Major Zachary O’Lare provided a law enforcement perspective on adult-use cannabis, including concerns over impaired driving and a sharp decline in illegal handgun seizures since the law took effect. According to Major O’Lare, in 2022, 40 percent of illegal handguns seized in Prince George’s County resulted from searches where the odor of cannabis was the probable cause.
Maryland’s adult-use cannabis law precludes law enforcement officers from initiating searches based solely on the odor of cannabis. In the first six weeks since adult-use cannabis became legal, handgun seizures are down 49 percent in Prince George’s County, according to Major O’Lare.
Rob Scheerer explained how his office will collect and remit taxes collected on the sales of adult-use cannabis. In addition to detailing challenges related to the federal prohibition of cannabis, Scheerer explained that while the Comptroller’s Revenue Administration Division has already collected hundreds of thousands of dollars, he expects the lion’s share of revenue will come in late October.
As previously reported on Conduit Street, in July, collective adult-use and medical cannabis purchases reached $87.4 million — more than double the $42.7 million total for June, before the launch of adult-use retail sales, according to the Maryland Cannabis Administration.
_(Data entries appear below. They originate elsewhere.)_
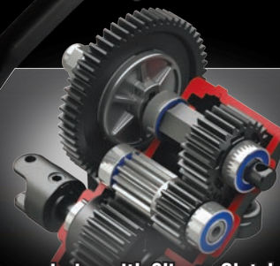
Ball-Bearing Transmission with Slipper Clutch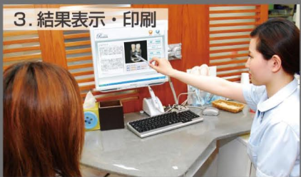
3. 結果表示・印刷 患者さんにより導き出された結果を簡単に説明してあげます。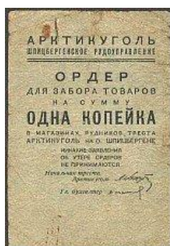
9.31.01 1 Kopeke 1931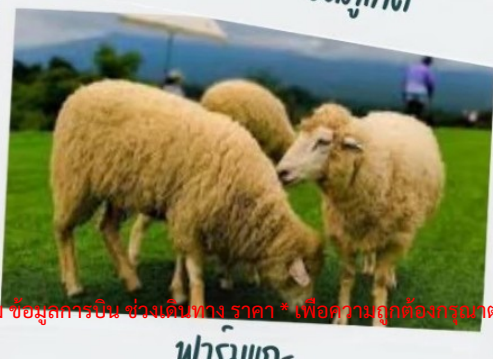
ฟาร์มแกะ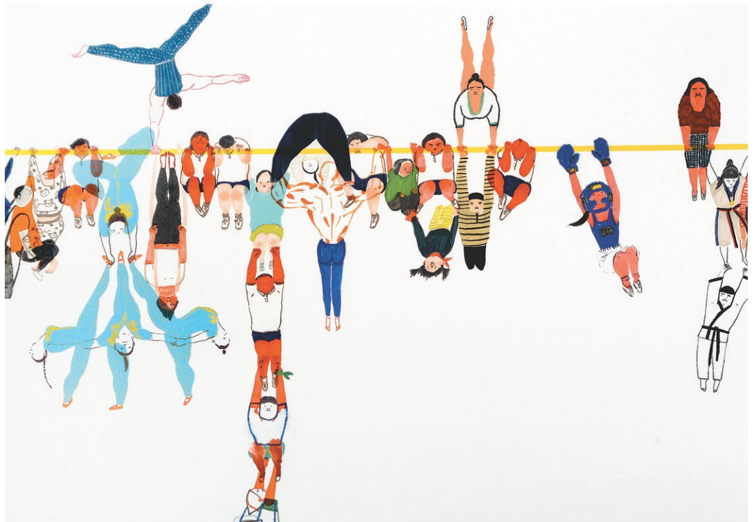
Zlaté jablko má aj Myung Ae Lee z Južnej Kórey za knihu Zajtra bude slnečný deň .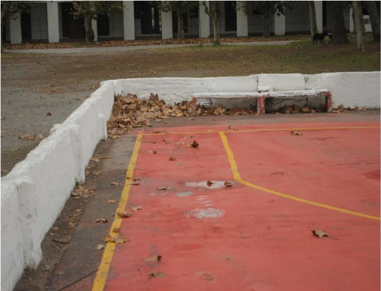
Imagem 4 Thaisa Freitas, Cesta (4 de 5), fotografia digital colorida, 12cm X 17cm, Rio Grande, (2023).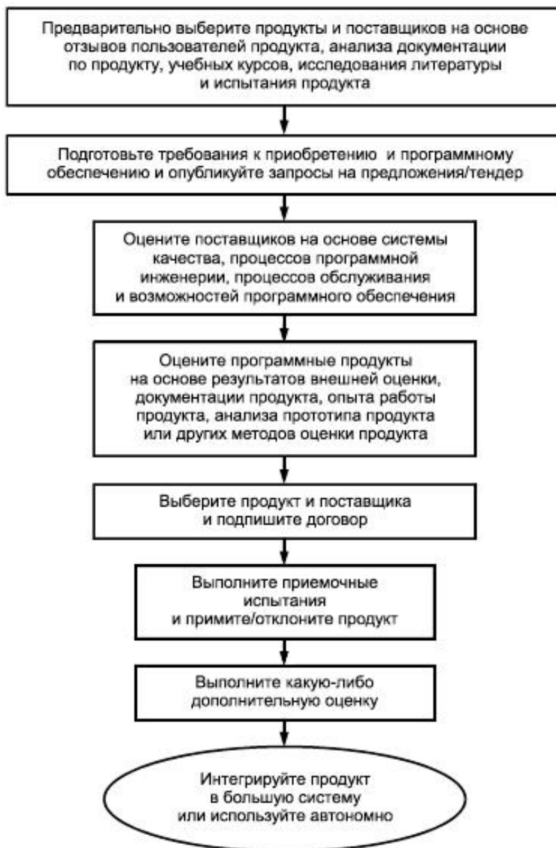
Рисунок 3 - Пример процесса оценки/приобретения готовой продукции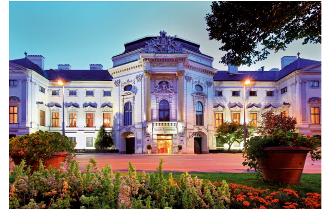
Palais Auersperg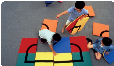
© One Stroke / Katsumi Komagata

Exposition et ouvrages prêtés par la Bibliothèque départementale de la Somme.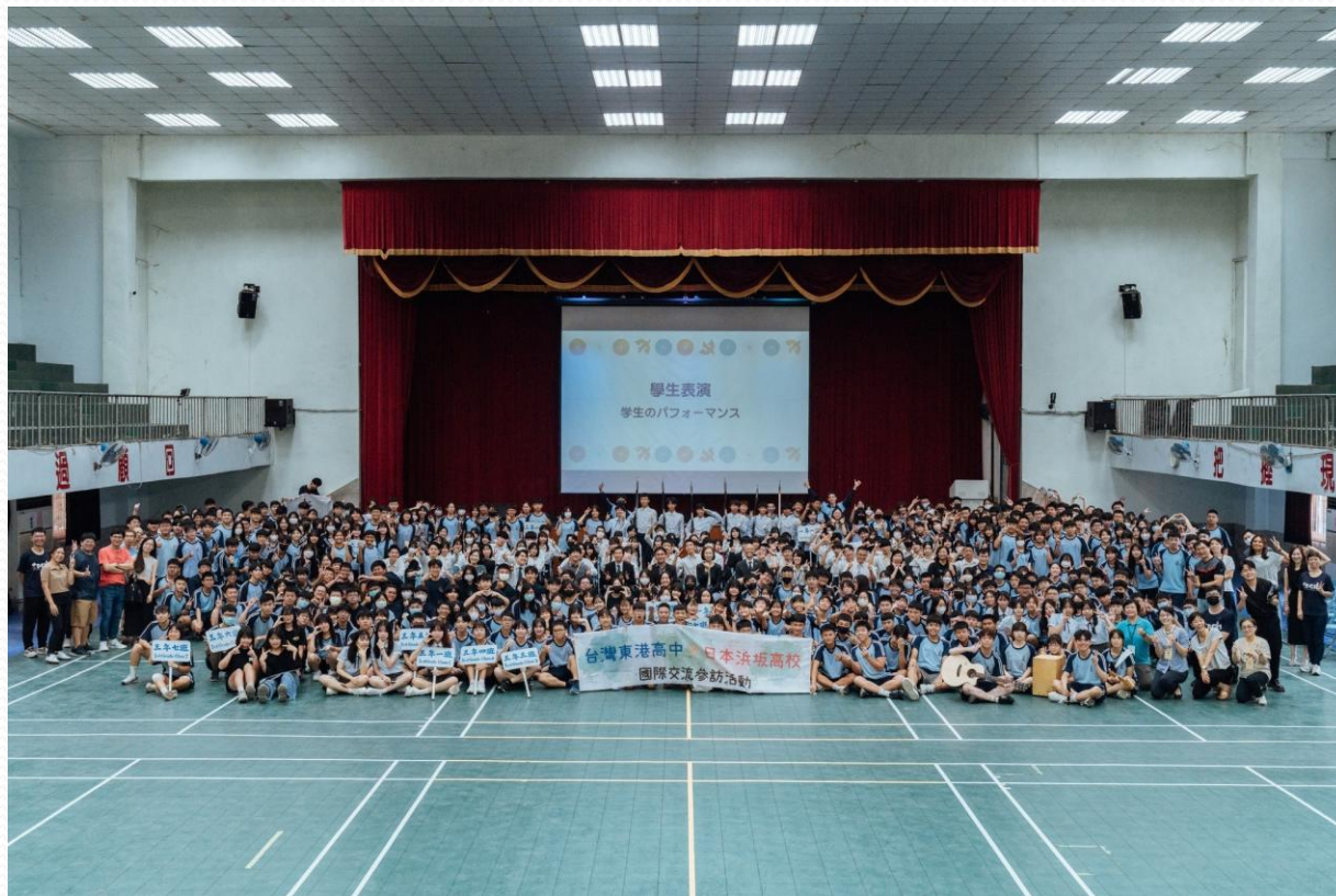
東港高中接待日本兵坂高校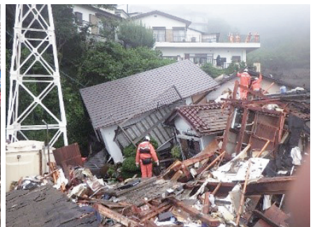
家屋内を捜索する様子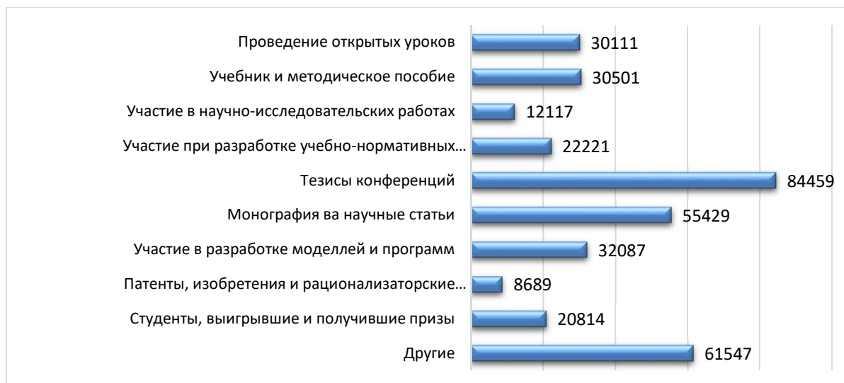
Рисунок 2. Сведения результатов профессиональной деятельности слушателей Fig 2 Results of the professional activity of listeners

Эти три направления в свою очередь делятся на 9 категории. До января 2017 года итогов больше 350 000 сведений были внесены в систему в качестве результатов профессиональной деятельности педагогами, и эта информация постоянно обновляется (2-, 3- рисунки).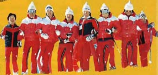
おっやっとなるやっとなる私設チアボーイズ。

人生は降り積もる悲しみを払い落しなが らすむ旅。いつの日か、琥珀色に輝く 朝が訪れる——レース不時着にヨレル泉 川先生。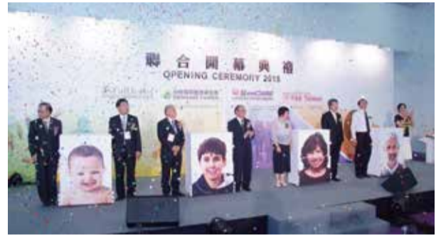
醫療四展開幕，展示「人生全程照護」全方位展品。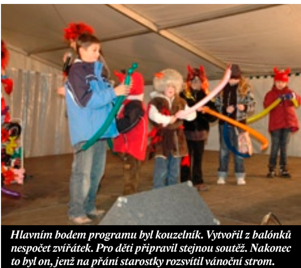
Hlavním bodem programu byl kouzelník. Vytvořil z balónek nespočet zvířátek. Pro děti připravil stejnou soutěž. Nakonec to byl on, jenž na přání starostky rozsvítil vánoční strom.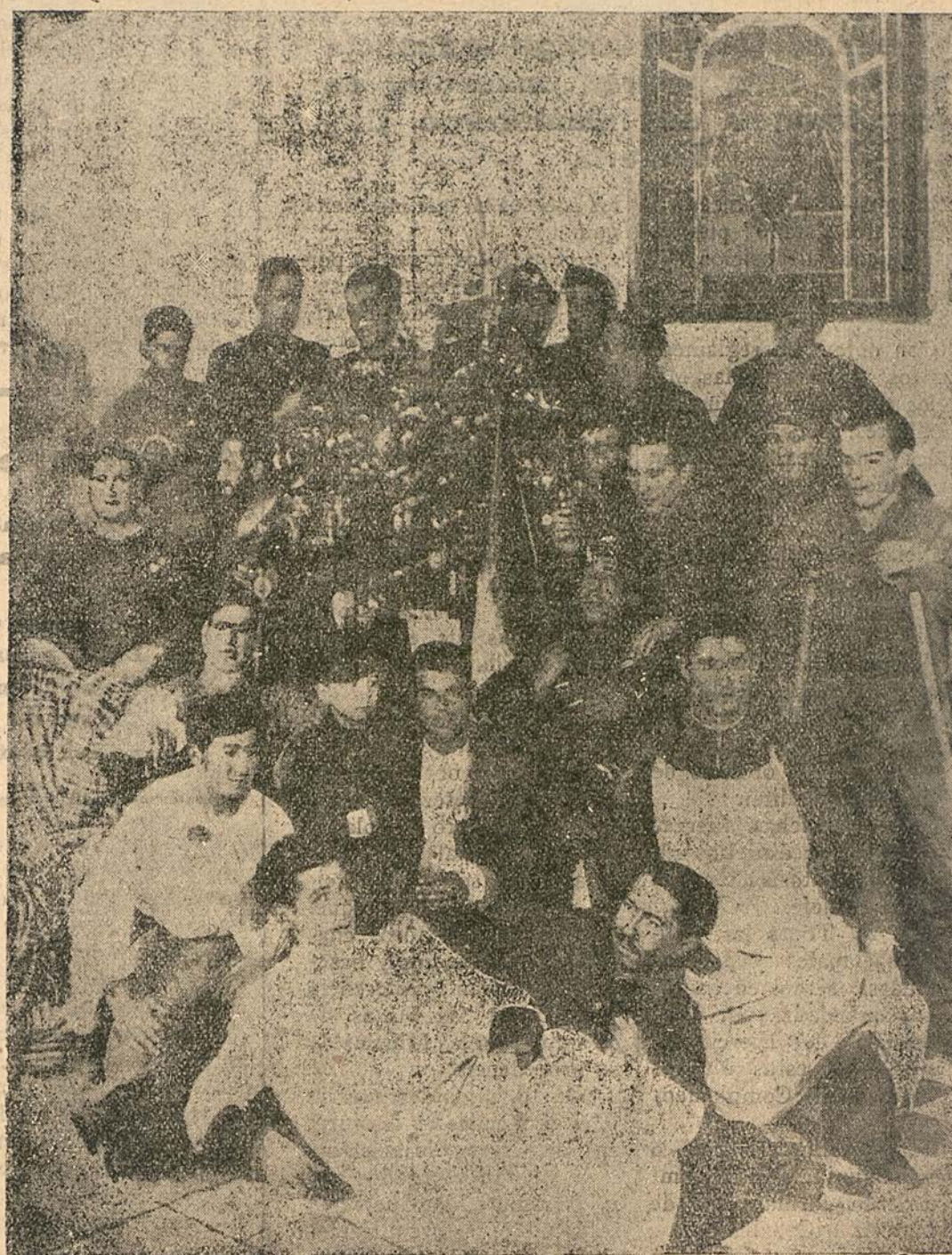
El hospital de sangre de Toledo recogió risas y villancicos en torno del árbol de Navidad

While there are no local cannabis taxes in Maryland, the state does levy a 9 percent excise tax on any product containing cannabis. But, a mere five percent of state cannabis tax revenue goes to local governments. That translates to local governments receiving a mere 45 cents for a single purchase of $100 of cannabis- the smallest in the nation.
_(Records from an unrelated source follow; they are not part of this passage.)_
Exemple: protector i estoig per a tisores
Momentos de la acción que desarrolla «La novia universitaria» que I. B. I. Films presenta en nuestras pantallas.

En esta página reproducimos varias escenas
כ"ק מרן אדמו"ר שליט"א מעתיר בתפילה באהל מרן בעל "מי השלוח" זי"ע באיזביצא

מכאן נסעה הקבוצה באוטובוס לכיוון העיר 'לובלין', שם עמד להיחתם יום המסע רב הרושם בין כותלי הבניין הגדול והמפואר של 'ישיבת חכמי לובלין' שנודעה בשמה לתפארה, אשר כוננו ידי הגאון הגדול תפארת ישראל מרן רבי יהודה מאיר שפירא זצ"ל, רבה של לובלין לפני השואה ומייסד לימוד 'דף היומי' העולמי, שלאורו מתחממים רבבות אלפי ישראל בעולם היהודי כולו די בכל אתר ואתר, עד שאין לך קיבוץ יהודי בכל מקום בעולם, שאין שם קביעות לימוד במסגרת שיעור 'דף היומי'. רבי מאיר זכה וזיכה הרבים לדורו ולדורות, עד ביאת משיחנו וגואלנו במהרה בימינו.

While implementation across jurisdictions has been a variable as different states have taken various approaches, one commonality is that virtually all states have empowered a meaningful local revenue source to support local services. Some have fully authorized local excise taxes where rates are set and collections are overseen locally. Others have authorized local sales taxes at either standardized or variable rates locally.
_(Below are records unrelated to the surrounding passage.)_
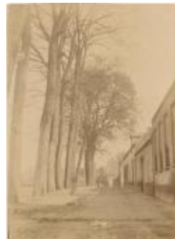
Kasteelplein kant Warandestraat (1903) (Foto 01300-01 en 02)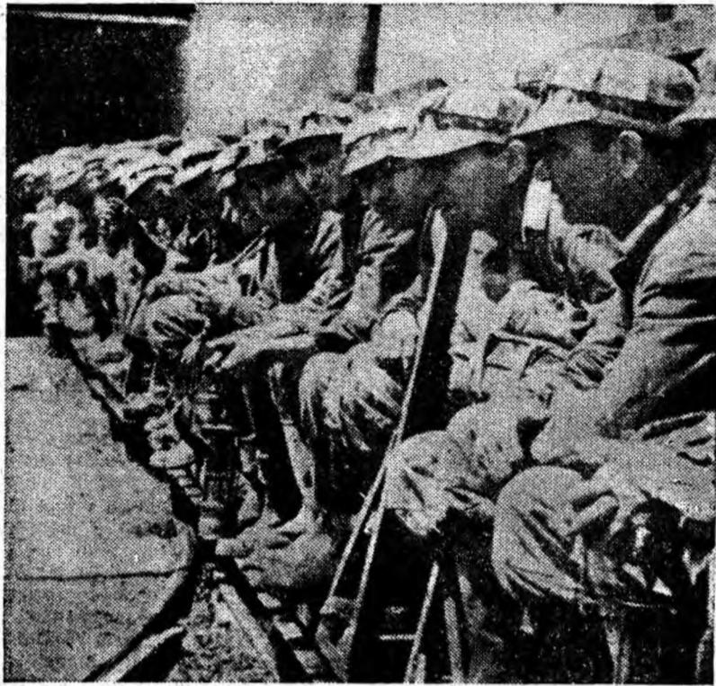
La mina Dilja, cteva momente înainte de a pleca în subteran.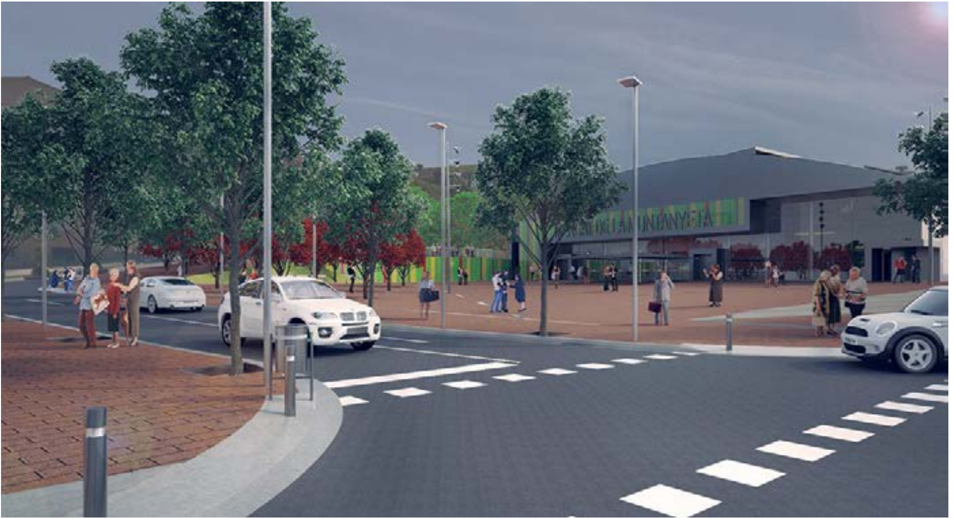
Las obras de remodelación permitirán ganar espacio para las personas, mejorar la accesibilidad y reforzar la conexión e integración de la actual plaza del Mercat de la Muntanyeta con el eje cívico y comercial de las calles Lluís Pascual Roca y Francesc Macià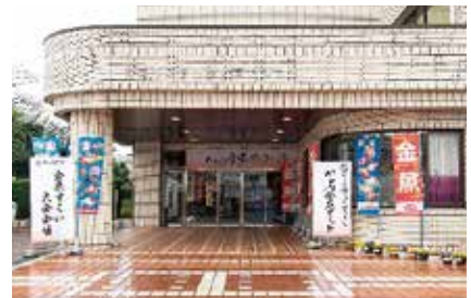
弥富市制 10 周年記念事業やとみ金魚サミット

市制施行 20 周年記念事業として、令和 8 年 10 月 3 日(「や・と・み」の語呂合わせ)に「金魚サミット」を開催します。「金魚のまち弥富」を広く PR するとともに、「弥富金魚」ブランドの振興を図ります。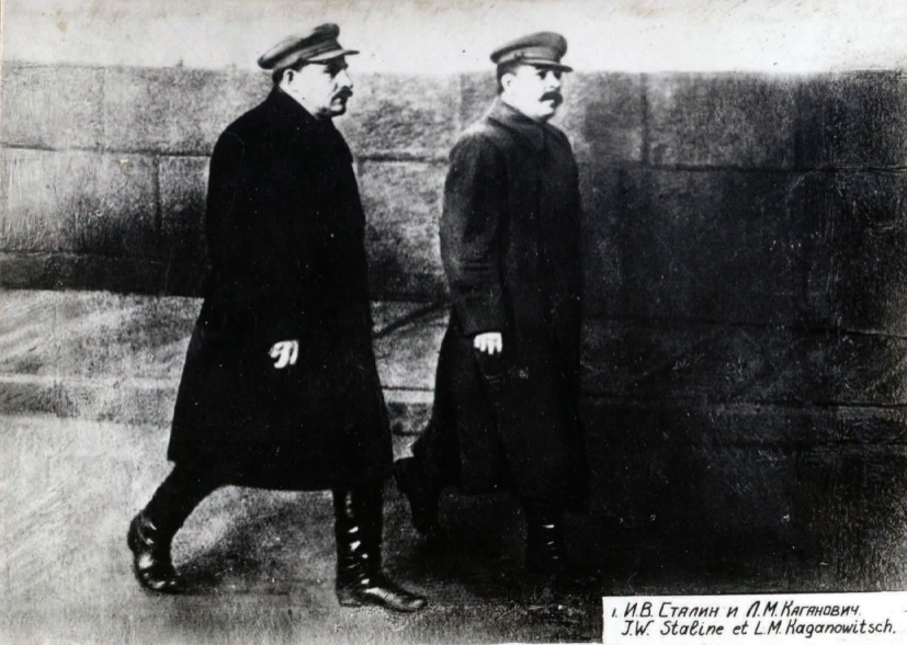
1. И.В. Сталин и Л.М. Каганович. J.W. Staline et L.M. Kaganowitsch.

For example, in New York, there is both a 13 percent excise tax (9 percent state and 4 percent local) on cannabis sales (paid by consumers and remitted by retailers) and a potency-based tax (remitted by distributors). Oregon levies a 17 percent excise tax on cannabis sales paid by consumers and remitted by retailers. Local governments can also levy up to a 3 percent tax on the retail price.
Municipalities will receive half of the local revenue share for transactions within municipal boundaries (counties will retain the other half on such transactions). In addition, 35 percent of the tax proceeds will go to the Community Reinvestment and Repair Fund, a new fund for local organizations that support marginalized communities.
Roscoe Leslie detailed concerns over ambiguous zoning restrictions. While the law does attempt to grant local governments reasonable zoning authority for adult-use cannabis, its wording may leave that intention subject to legal challenge.
For example, the law specifies that a local jurisdiction may “establish reasonable zoning for cannabis businesses” and that a local jurisdiction may not “establish zoning or other requirements that unduly burden a cannabis licensee.” These phrases introduce undefined terms that will effectively defer to the courts to set the true standard for what is reasonable or unduly burdensome.
The session was on August 18 at the Roland Powell Convention Center in Ocean City, Maryland.